Sister Mariel Ann Rafferty spent many years working in rural areas and recalled long days of traveling between remote parishes. The congregation secretary for the leadership team at the Mission Helpers Center, she worked in West Virginia for 20 years. "Much of my work was in the formation of catechists, teaching them how to teach religion," she said.

She would drive up to 50 miles between parishes. "It was challenging. You'd come home from one overnight mission and then pack up your bags for the next mission," Rafferty said.

Yet it was fulfilling, too, Rafferty said. She taught laymen and women how to teach religion, helped poor residents get aid, provided for needy children at Christmas, visit the sick, counseled couples whose marriages were in trouble and bring communion. "That was all part of our ministry," she said.

She often went door-to-door, looking for Catholics, inviting them to church. "Many times people indicated they were waiting for someone to invite them back to the church," she said.

Because of the sisters' ministry at St. Charles Borromeo Church in Philadelphia, parishioners still visit the sisters every September for prayer, lunch and lots of conversation as they have since 1977.

"We never forget them and they never forget us," said Sandy Dawes, a parishioner who organizes the annual busload of fall visitors.

"Those sisters were so good," she said.

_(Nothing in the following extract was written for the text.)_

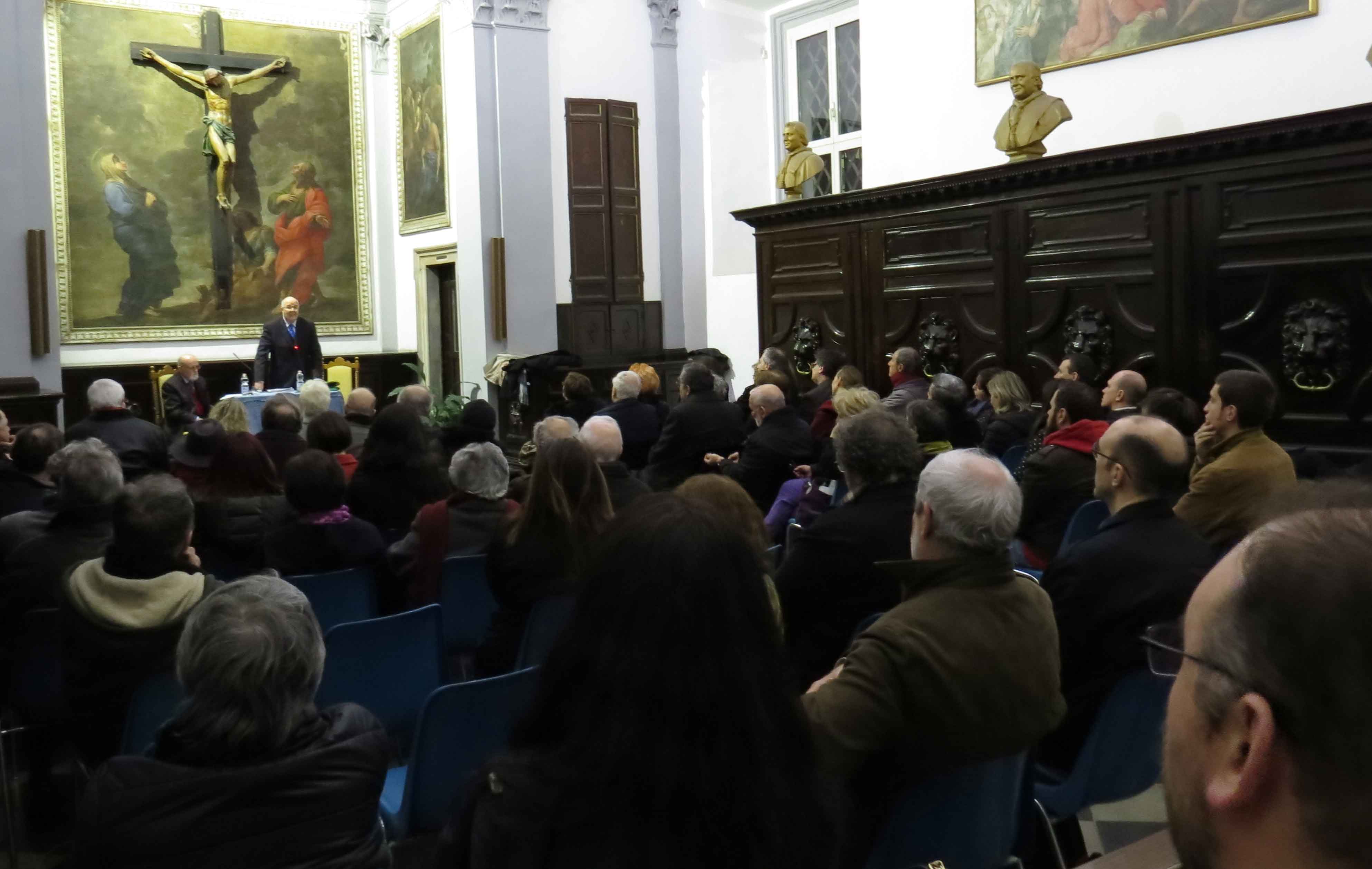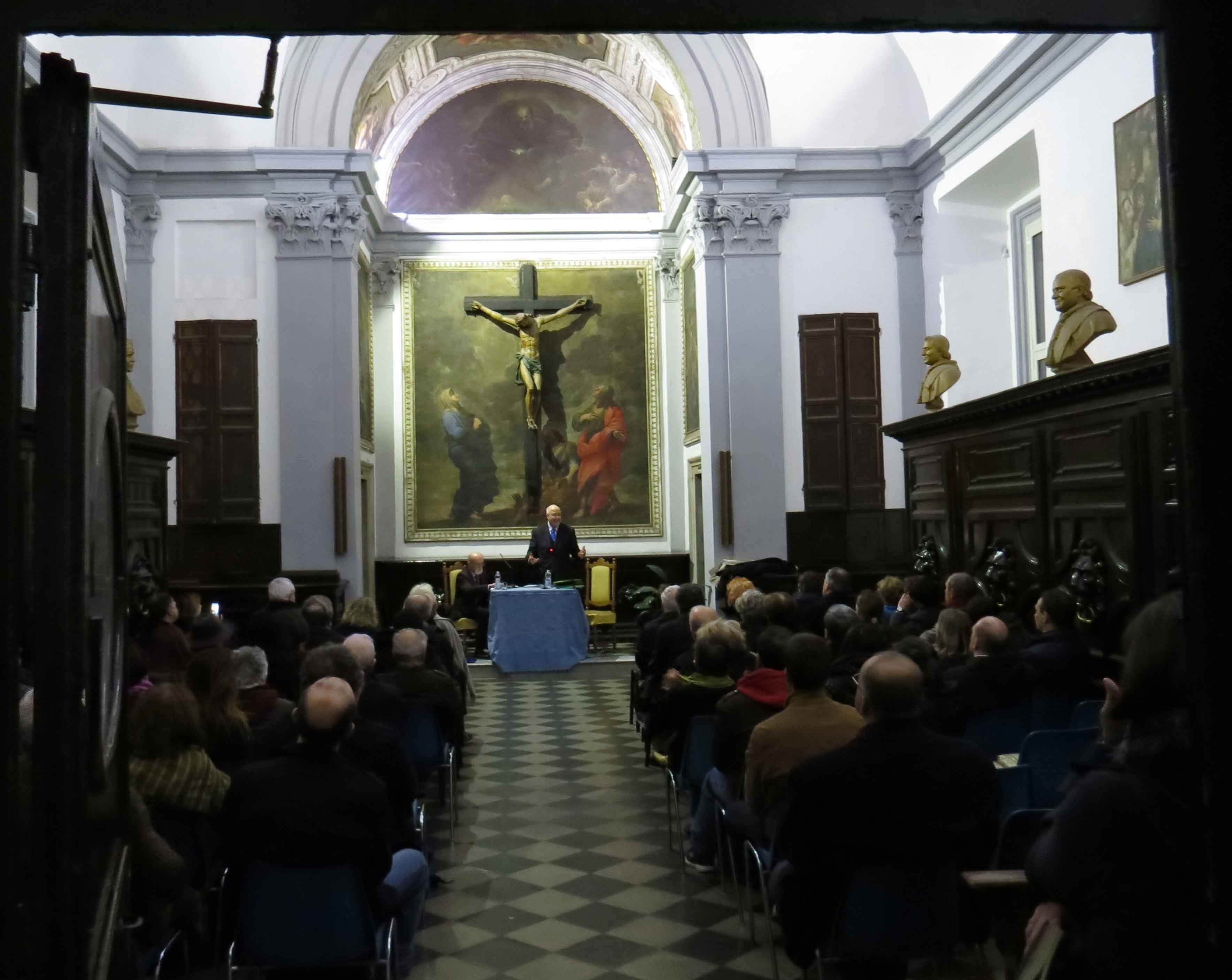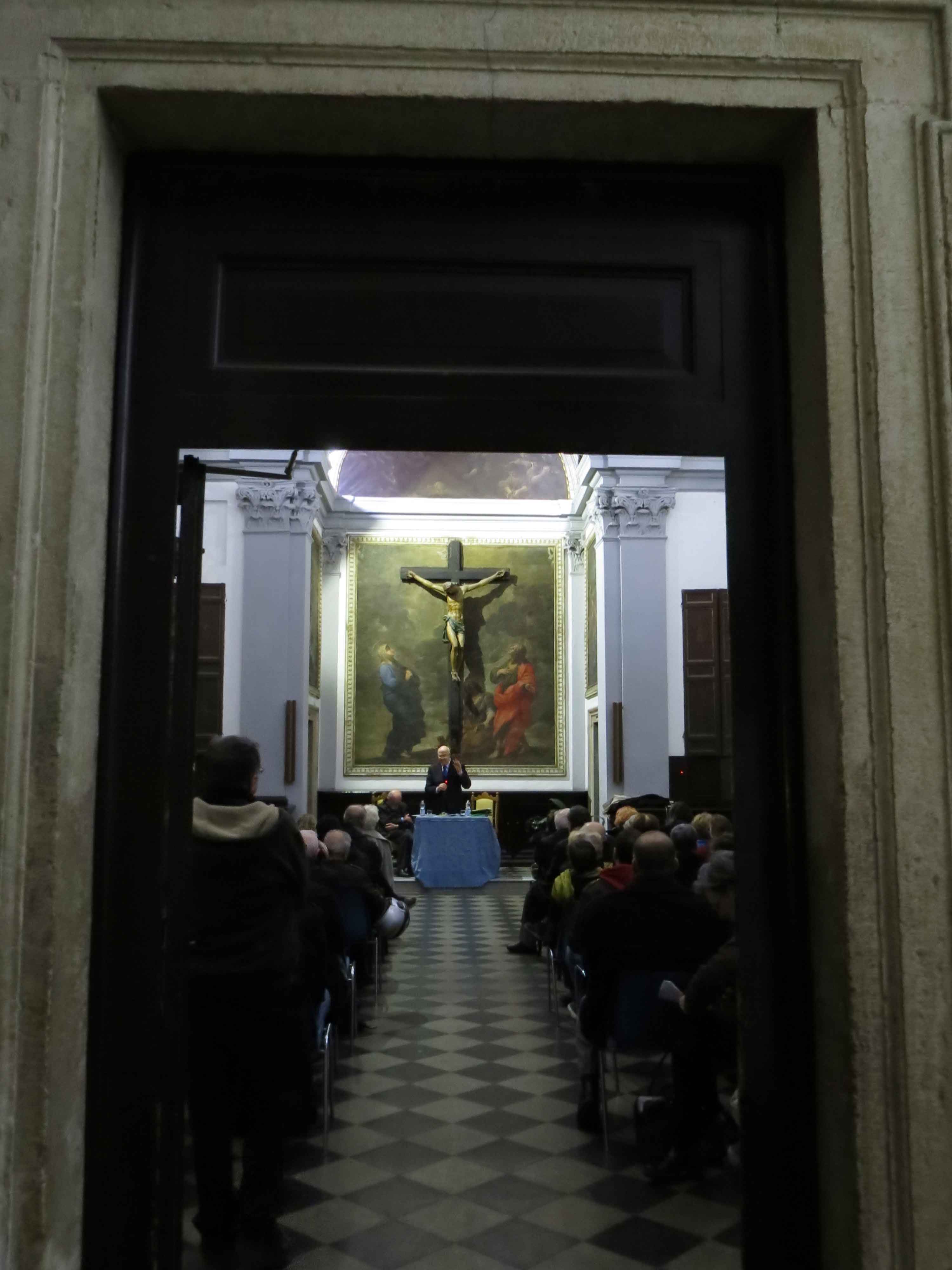 Questa foto è presa da fuori la porta della Sagrestia. Le ottanta sedie non sono bastate e prima dell’inizio sono state portate tre panche dalla chiesa. Sempre Rusconi al microfono, perché non si dica che a Monti non onoriamo gli ospiti.

They taught in the school and religious education program — and helped children and families in need. "Parishioners are just very fond of the sisters," she said. "They're true role models."

Faith base

The Mission Helpers no longer call their headquarters a motherhouse, but it continues to bring together people of faith, according to Cornell.

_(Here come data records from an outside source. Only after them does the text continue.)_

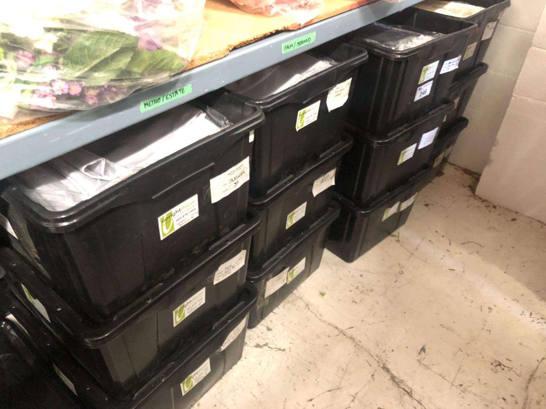 24 BINS OF ASSORTED LINENS, SHAPE/SIZE VARY BETWEEN BINS, COLOURS/PATTERNS INC. PLATINUM, TUX,
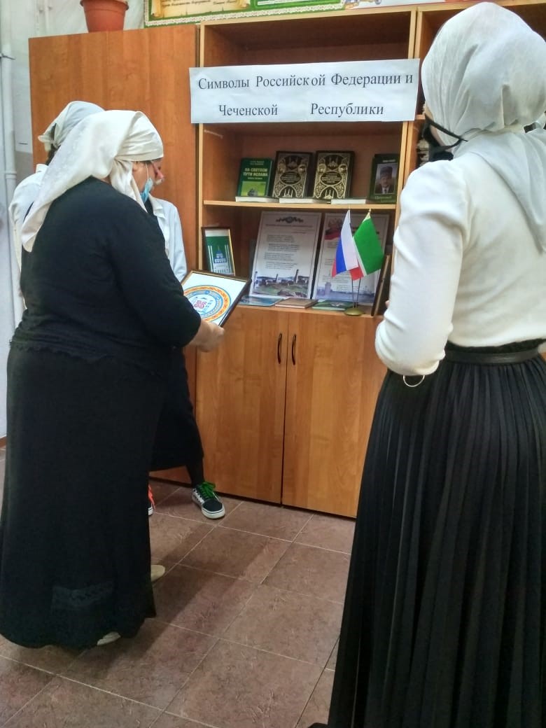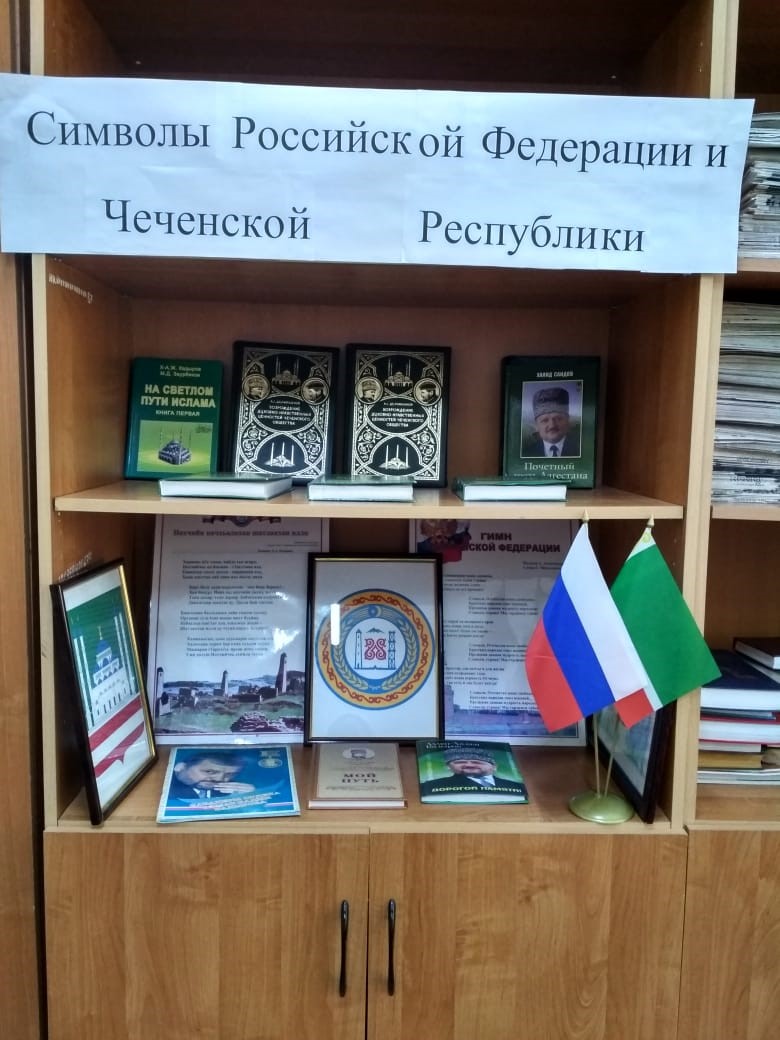 на уроках музыки учащиеся изучают текст и музыку Государственных Гимнов Российской Федерации и Чеченской республики. В школьной библиотеке была организована выставки по данной тематике. Классными руководители 1-11 классов проведены классные часы на темы: «Государственная символика России», Уроки России, тренинги « По законам добра» (изучение Конституции РФ, Конвенции по правам ребенка)
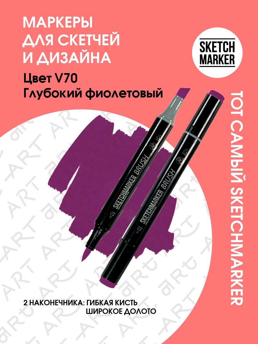 СохранитьДвусторонний заправляемый маркер SKETCHMARKER Brush Pro на спиртовой основе для скетчинга, цвет: V70 Глубокий фиолетовый интересное:

The center is home to the Asylee Women's Enterprise, a support group for women waiting to apply for asylum, and the P. Francis Murphy Initiative for Peace and Justice. The Order of Malta, a lay religious order, also meets there and other groups come for retreats or conferences.

Seven Mission Helpers live there, along with four Franciscan sisters, four Asylee women and a layperson.

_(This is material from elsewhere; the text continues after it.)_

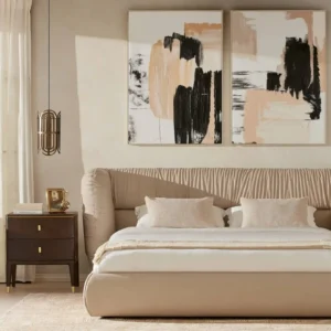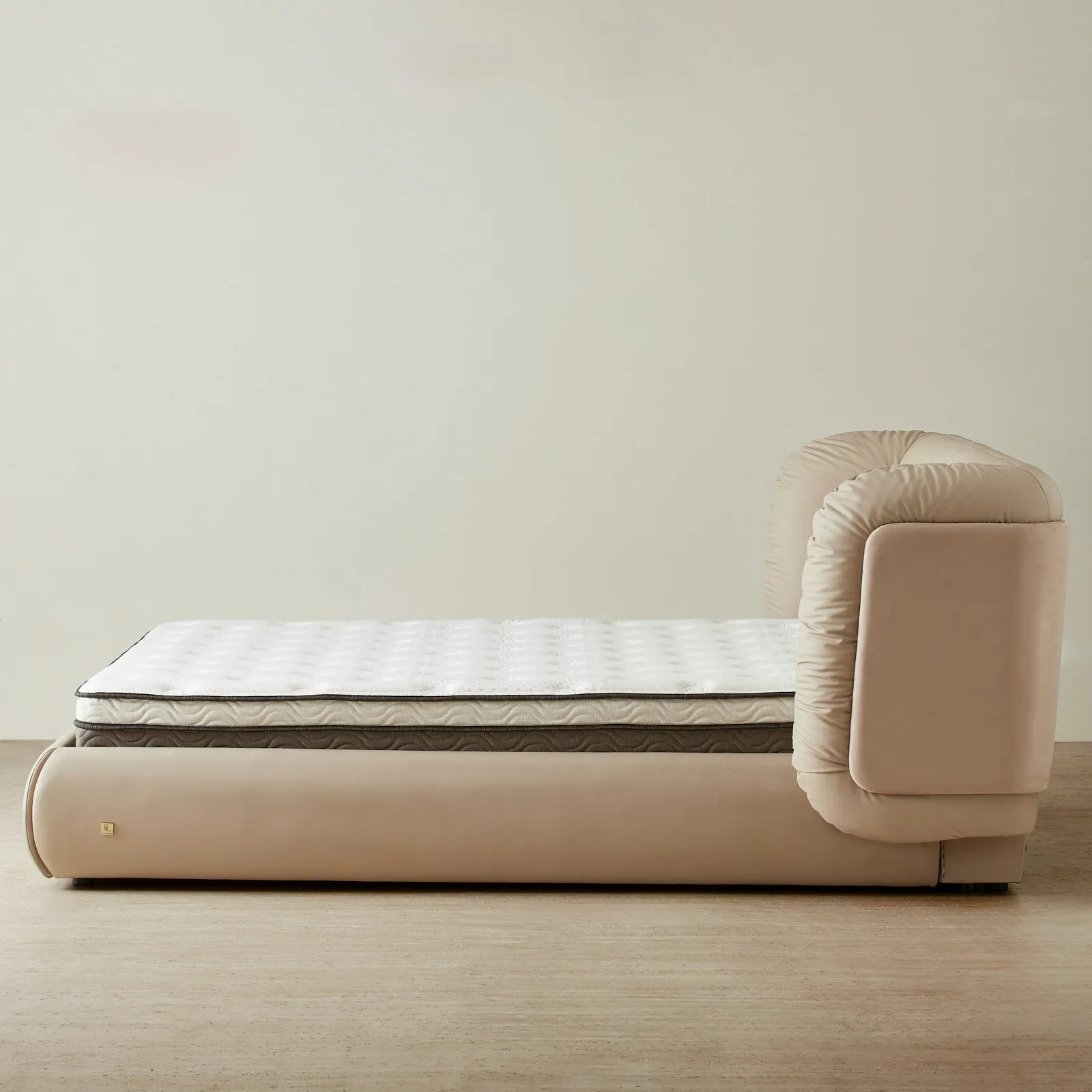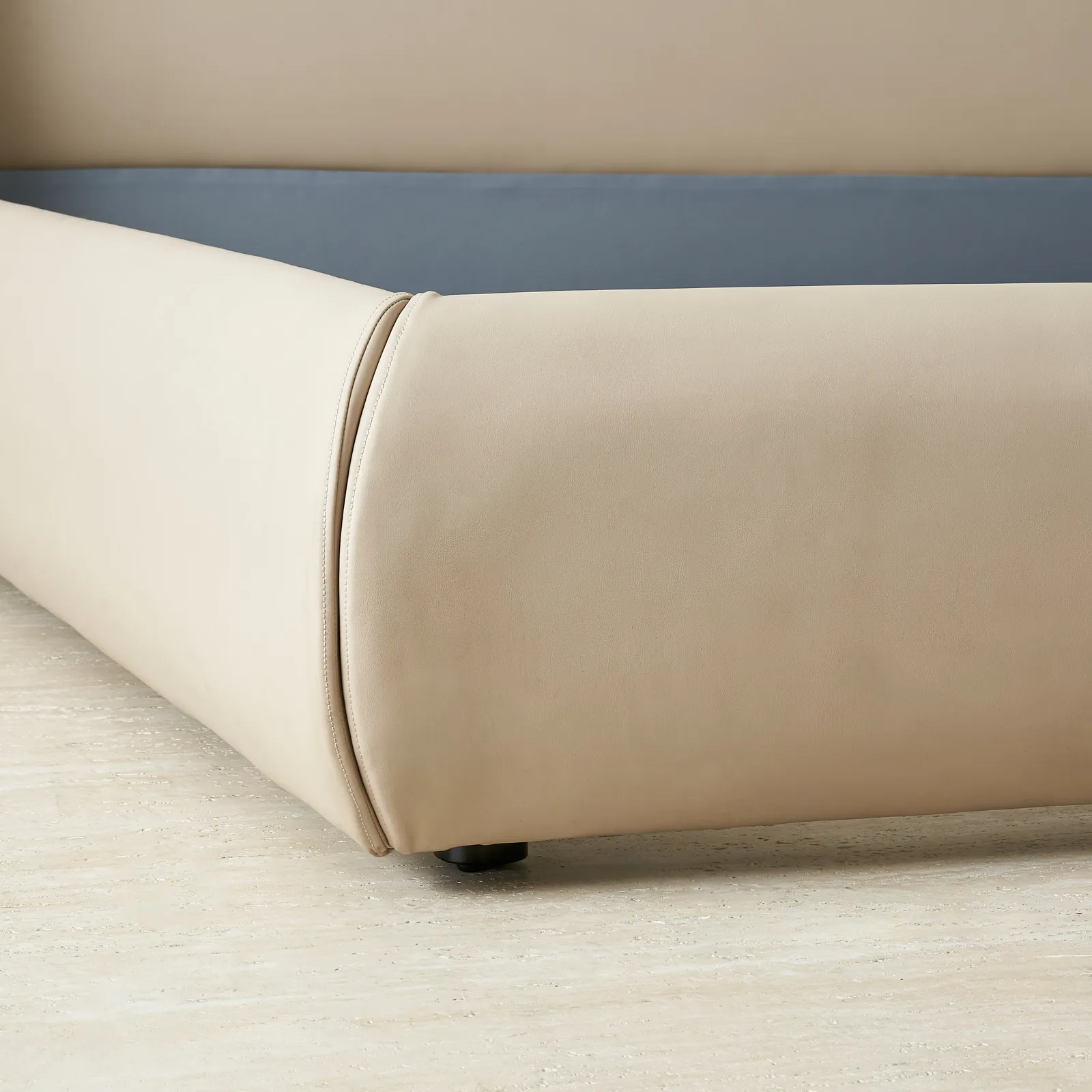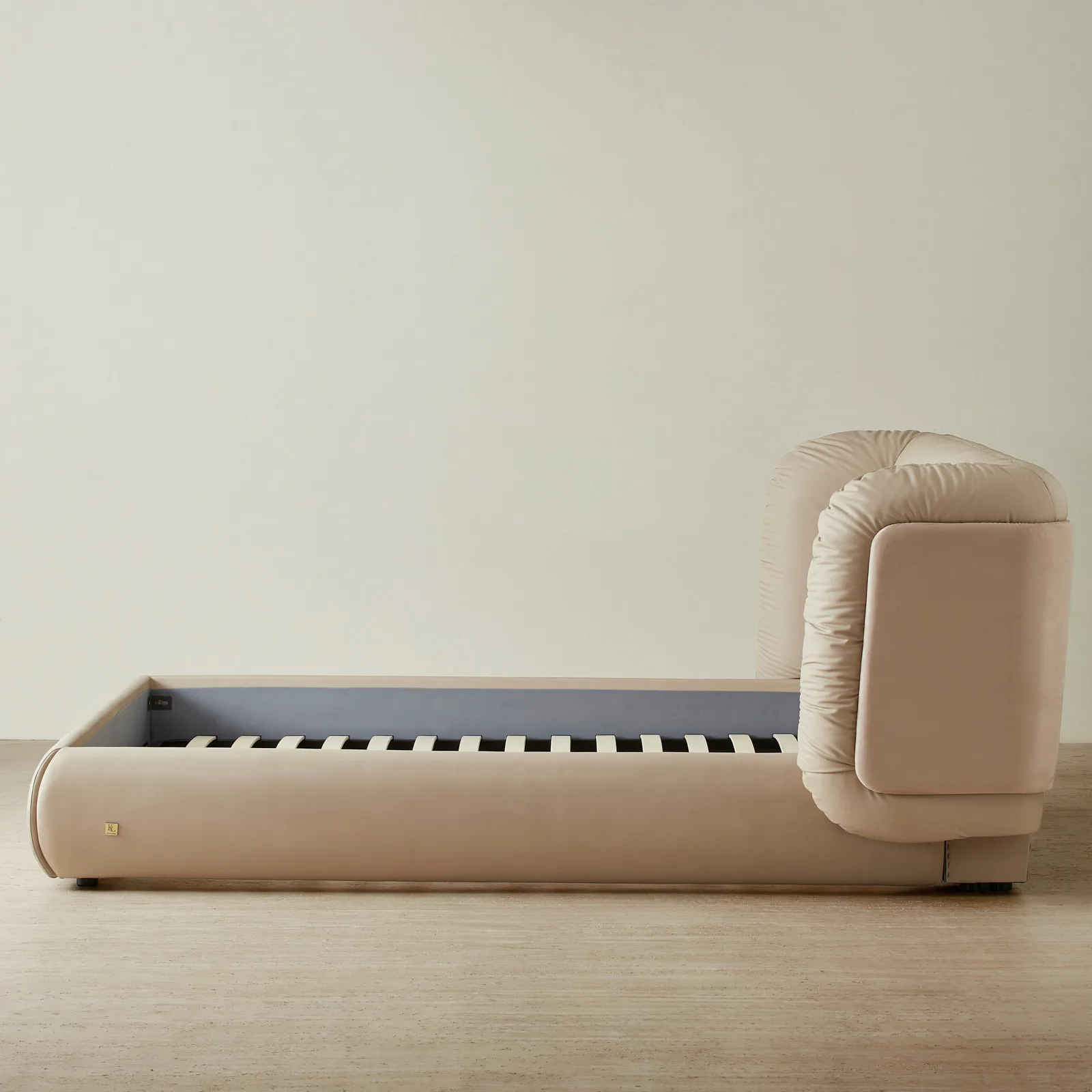 The Martina Bed makes a bold statement with its sculptural silhouette and unique texture. Wrapped in soft beige vegan leather, its gathered upholstery adds a sense of movement to the plush frame.

Mass is offered every day in the Blessed Sacrament Chapel, with Saturday evening Masses in the main chapel drawing members of the surrounding area.

Yet the day is coming, when the center may close, Cornell said. Already on the market for four years, the sisters are contemplating where they will gather as a congregation once a sale is finalized. "We know we have to sell our building," Cornell said. "Wherever we go we'll be doing God's work."

"They know us just by our [charisma]," said Frey. "It's a thread that goes through us, giving off sparks. They are divine sparks that we catch for each other."